Quels manquements peuvent justifier cette action ? Les cas le plus fréquents sont les suivants : le salaire n’est pas payé, ou bien par exemple une prime contractuelle ; Le salarié est placé en situation d’isolement, sans travail ni activité ; Une situation de harcèlement ; Une situation de discrimination ; un risque pour la sécurité du salarié ; des violences exercées contre le salarié ; une dégradation dans les fonctions…etc

Dans ce type de situation, le salarié est fondé à engager une action judiciaire dès lors qu’il n’y pas d’autre issue pour faire avancer les choses.

La procédure est identique à celle qui est mise en oeuvre après un licenciement.
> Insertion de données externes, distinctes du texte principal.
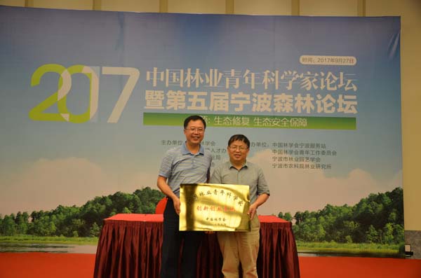中国林学会学术部主任曾祥谓和宁波市林业园艺学会秘书长陆志敏共同进行了“中国林业青年科学家创新创业基地”授牌仪式。

La saisine du Conseil de prud’hommes déclenche une première audience rapide qui est l’audience de Conciliation et d’Orientation. Puis ensuite il y a instruction habituelle du dossier avec échange des arguments et des pièces jusqu’à l’audience.
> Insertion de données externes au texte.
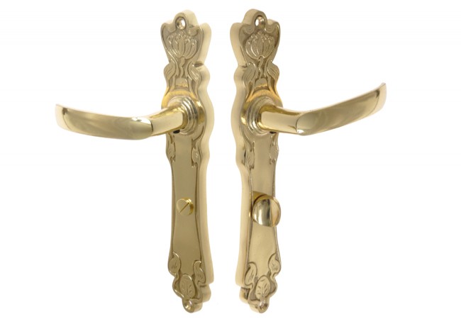 Długi szyld okraszony delikatnymi zdobieniami kwiatowymi, które pięknie rozświetlą Twoje mieszkanie. Błyszczące, acz wyważone wykończenie produktu sprawia, że będzie pasować do większości wnętrz w stylu glamour i vintage. Reliefy o złotym połysku przypadną do gustu wszystkim tym, którzy cenią wytworne i eleganckie przestrzenie. Naszym zdaniem produkt ten będzie prezentował się najpiękniej wraz drewnianymi skrzydłami drzwiowymi. Mosiężne klamki to synonim jakości - są bardzo trwałe, odporne na korozję i zmiany temperatur. Rękojeść klamki prezentuje się prosto i smukło, a dodatkowo zapewnia stabilny chwyt. Możliwość zamontowania uchwytu klamki po dwóch stronach tarczki. Dzięki temu nie musimy tracić czasu na samodzielne dobieranie lewej czy prawej strony produktu. Podana cena obejmuje klamkę na stronę zewnętrzną i wewnętrzną drzwi.

Dans les faits, l’affaire se prolonge rarement très longtemps. La plupart du temps, un accord amiable finit par se négocier ou bien un licenciement intervient rapidement car la situation devient compliquée…Dans tous les cas, c’est en général une action qui déclenche une solution.

Source : Yves NICOL avocat Lyon droit du travail avril 2019

Critiques de l’employeur et insultes : faute grave ?
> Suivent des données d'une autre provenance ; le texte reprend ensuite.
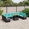 vidaXL 11 Piece Patio Sofa Set with Cushions Black Poly Rattan
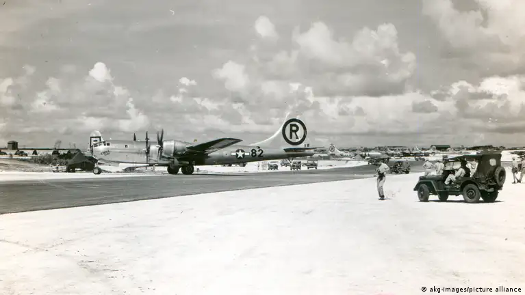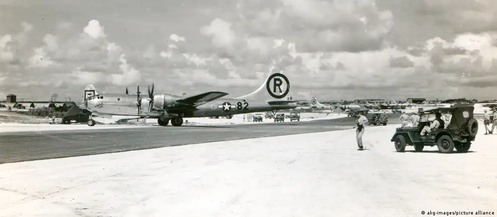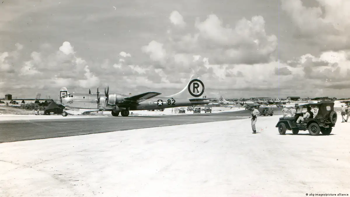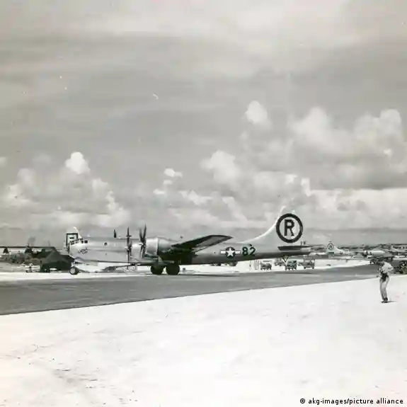 In der Nacht um 1:37 Uhr Ortszeit startete von einem Flugplatz mitten im Pazifik ein Kampfflugzeug der US-Luftwaffe. An Bord des B-29-Bombers "Enola Gay" (Artikelfoto) befand sich die erste Atombombe, die Stunden später über der japanischen Stadt Hiroshima abgeworfen wurde. Das war am 6. August 1945.

Il est fréquent que des licenciements et des contentieux interviennent lorsqu’un salarié (souvent un cadre) critique ou même dans certains cas insulte son employeur.

Dans ces situations, c’est au cas par cas que le contentieux est tranché par le Conseil de prud’hommes. Beaucoup d’éléments entrent en considération : l’ancienneté du salarié, sa position dans l’entreprise, le fait qu’il s’agit ou non d’un acte isolé ou bien d’un comportement fréquent, et aussi la situation précise du salarié à ce moment là ainsi u elle contexte des propos. Par exemple, a-t-i agi sous le coup de la colère ou de l’aveuglement…etc

Et puis bien sûr, y at-il des témoins.Car en matière de faute grave, la charge de la preuve pèse sur l’employeur exclusivement. En d’autres termes, c’est à l’employeur d’apporter la preuve de ce qu’il reproche.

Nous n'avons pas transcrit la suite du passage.